*** Opening of EXTRACTED DATA ***

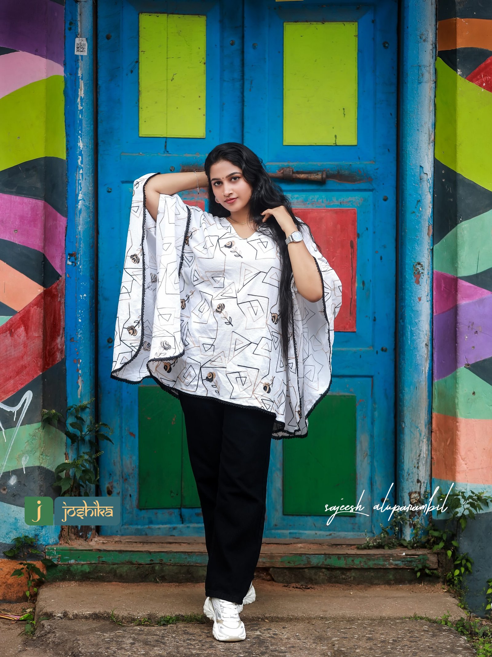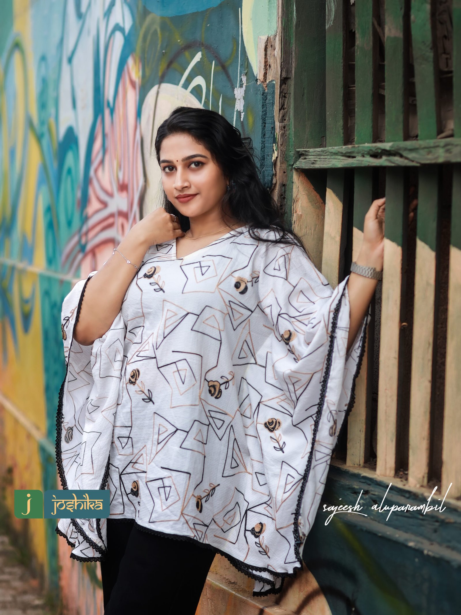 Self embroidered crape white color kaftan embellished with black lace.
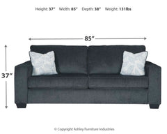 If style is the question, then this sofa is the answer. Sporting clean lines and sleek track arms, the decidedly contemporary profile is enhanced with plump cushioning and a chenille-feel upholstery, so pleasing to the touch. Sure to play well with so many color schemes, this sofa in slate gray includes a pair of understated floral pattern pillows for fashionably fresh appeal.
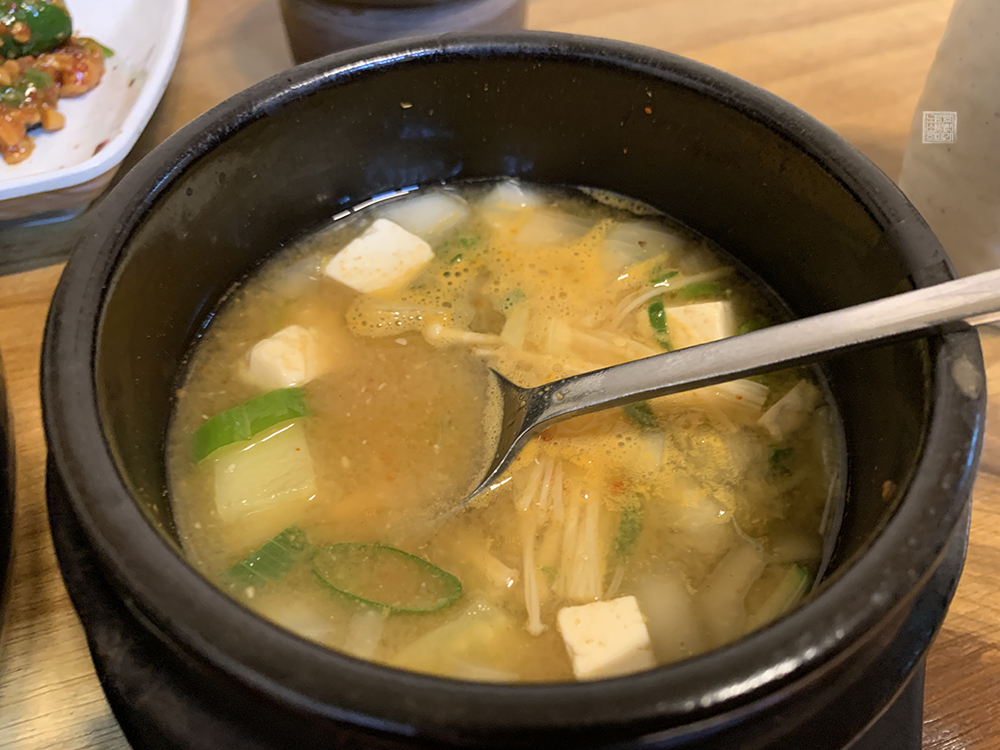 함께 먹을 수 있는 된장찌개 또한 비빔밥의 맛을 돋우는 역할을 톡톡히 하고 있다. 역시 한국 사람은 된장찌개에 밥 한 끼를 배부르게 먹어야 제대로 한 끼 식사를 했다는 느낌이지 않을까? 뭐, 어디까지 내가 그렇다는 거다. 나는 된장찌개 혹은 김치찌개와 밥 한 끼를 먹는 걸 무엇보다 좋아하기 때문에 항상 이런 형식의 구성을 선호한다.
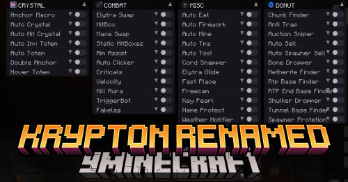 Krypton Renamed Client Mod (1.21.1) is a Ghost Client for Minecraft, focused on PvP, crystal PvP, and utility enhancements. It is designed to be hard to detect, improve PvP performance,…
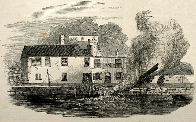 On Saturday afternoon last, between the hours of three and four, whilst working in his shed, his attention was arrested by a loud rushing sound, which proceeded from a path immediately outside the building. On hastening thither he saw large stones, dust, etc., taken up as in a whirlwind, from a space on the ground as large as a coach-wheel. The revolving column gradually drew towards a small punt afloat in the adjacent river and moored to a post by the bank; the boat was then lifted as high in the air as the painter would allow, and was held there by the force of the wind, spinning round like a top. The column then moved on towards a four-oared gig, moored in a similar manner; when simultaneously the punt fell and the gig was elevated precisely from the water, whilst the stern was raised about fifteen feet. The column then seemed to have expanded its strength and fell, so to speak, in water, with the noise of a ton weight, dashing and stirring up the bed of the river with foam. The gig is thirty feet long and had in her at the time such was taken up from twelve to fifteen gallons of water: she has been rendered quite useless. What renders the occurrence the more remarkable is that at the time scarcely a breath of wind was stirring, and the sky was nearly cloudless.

*** Close of EXTRACTED DATA ***

WHAT NEEDS TO BE DONE :: Only the lines from the first line of the data above through the line with "Krypton Renamed Client" should appear in the answer, retyped exactly, with every picture left out.

TASK RESPONSE ::
 Self embroidered crape white color kaftan embellished with black lace.
 If style is the question, then this sofa is the answer. Sporting clean lines and sleek track arms, the decidedly contemporary profile is enhanced with plump cushioning and a chenille-feel upholstery, so pleasing to the touch. Sure to play well with so many color schemes, this sofa in slate gray includes a pair of understated floral pattern pillows for fashionably fresh appeal.
 함께 먹을 수 있는 된장찌개 또한 비빔밥의 맛을 돋우는 역할을 톡톡히 하고 있다. 역시 한국 사람은 된장찌개에 밥 한 끼를 배부르게 먹어야 제대로 한 끼 식사를 했다는 느낌이지 않을까? 뭐, 어디까지 내가 그렇다는 거다. 나는 된장찌개 혹은 김치찌개와 밥 한 끼를 먹는 걸 무엇보다 좋아하기 때문에 항상 이런 형식의 구성을 선호한다.
 Krypton Renamed Client Mod (1.21.1) is a Ghost Client for Minecraft, focused on PvP, crystal PvP, and utility enhancements. It is designed to be hard to detect, improve PvP performance,…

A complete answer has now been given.